**Data segment**:
-=-=-
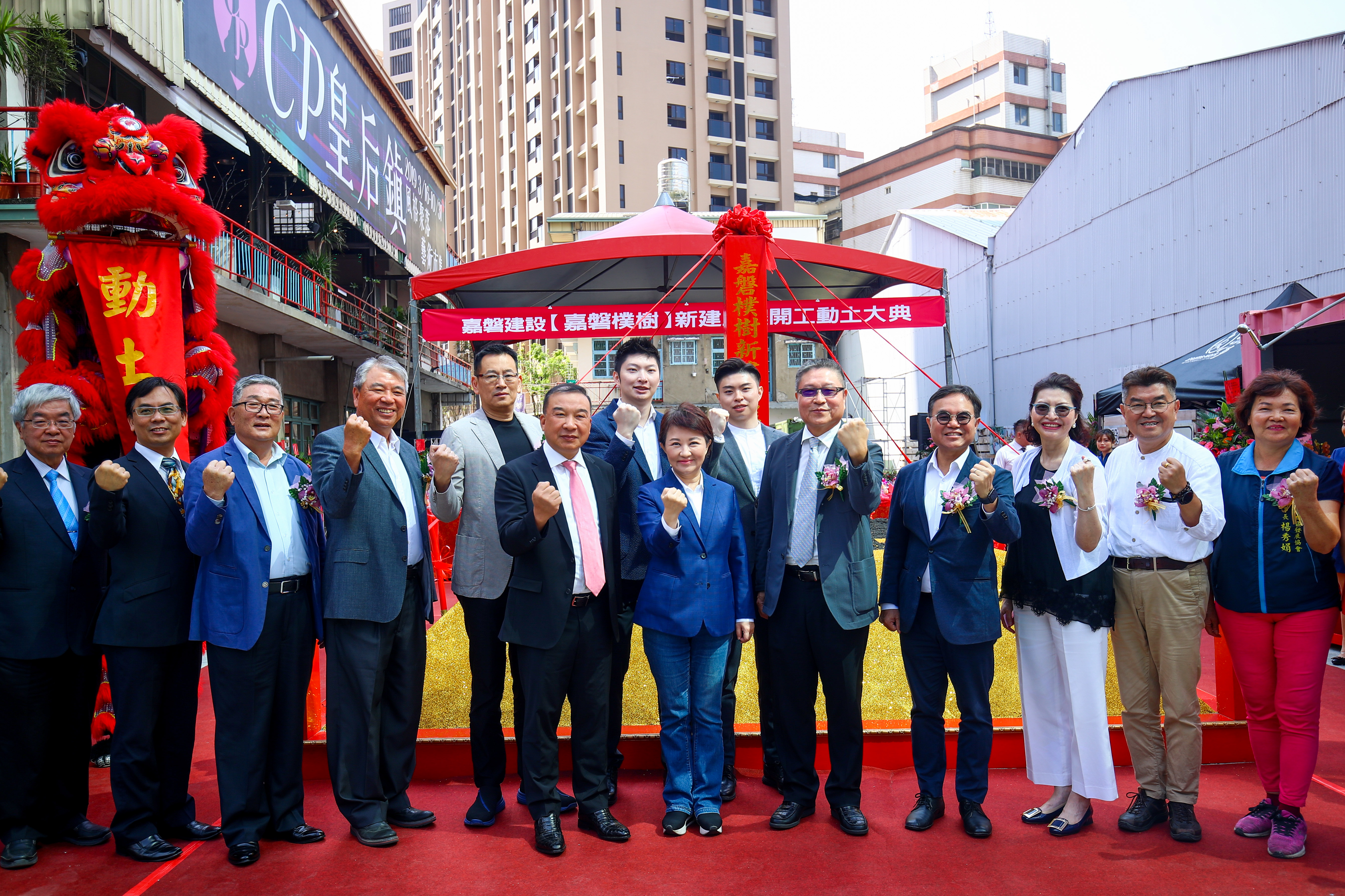 今日該建案新建工程開工典禮,包括市長盧秀燕、都發局長黃文彬、台中市不動產開發公會理事長林正雄,以及議員李中、羅廷瑋等人皆到場觀禮。
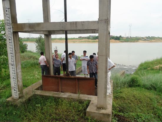 驗(yàn)收工作組成員查看鎮(zhèn)3標(biāo)寺山電排站
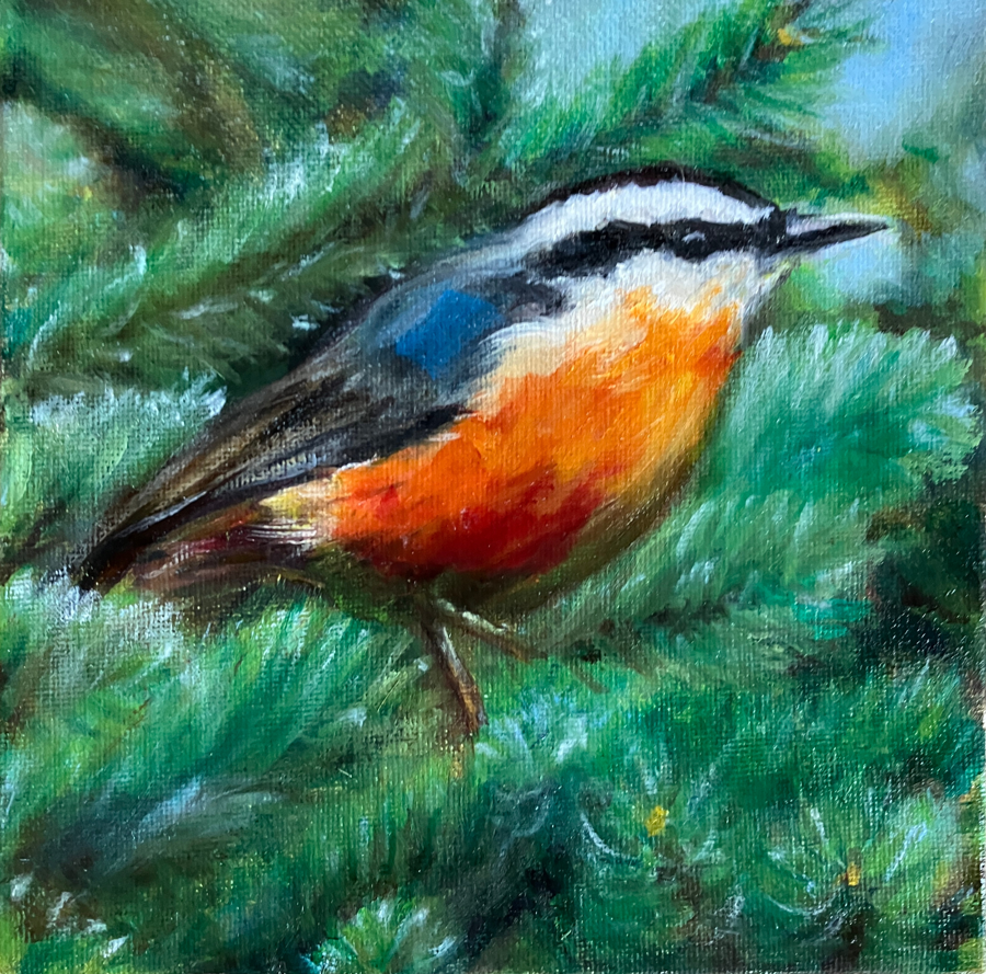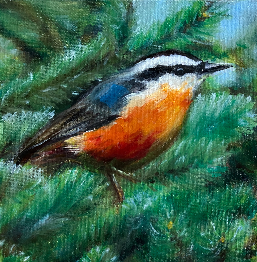 Artist statement: These energetic little denizens of the boreal woods are a delightful early winter visitor to our southern Minnesota yard!
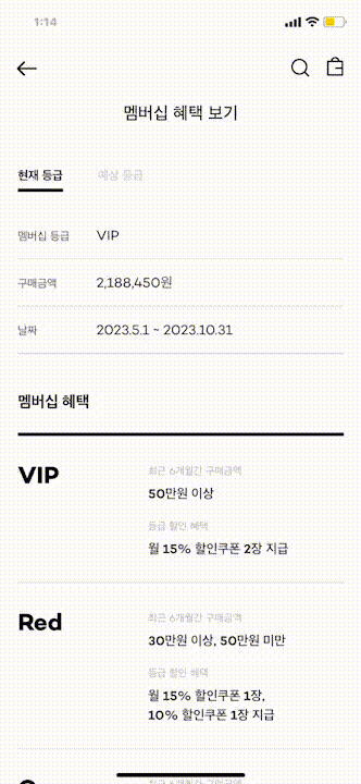 + 사실 29CM는 Vip 장벽이 그리 높지 않다. Vip가 되면 한 달에 두 개 15% 할인 쿠폰을 주는데, 이게 참 쏠쏠하다. 할인해주니까 29CM에서만 사게 되고, 29CM에서만 사니까 또 Vip가 된다. 나 락인 제대로 됨ㅋ..
-=-=-
**Task details**: Since the pictures are not wanted, write out the rest of the data exactly as it reads.

**Result of the exercise**:
 今日該建案新建工程開工典禮,包括市長盧秀燕、都發局長黃文彬、台中市不動產開發公會理事長林正雄,以及議員李中、羅廷瑋等人皆到場觀禮。
 驗(yàn)收工作組成員查看鎮(zhèn)3標(biāo)寺山電排站
 Artist statement: These energetic little denizens of the boreal woods are a delightful early winter visitor to our southern Minnesota yard!
 + 사실 29CM는 Vip 장벽이 그리 높지 않다. Vip가 되면 한 달에 두 개 15% 할인 쿠폰을 주는데, 이게 참 쏠쏠하다. 할인해주니까 29CM에서만 사게 되고, 29CM에서만 사니까 또 Vip가 된다. 나 락인 제대로 됨ㅋ..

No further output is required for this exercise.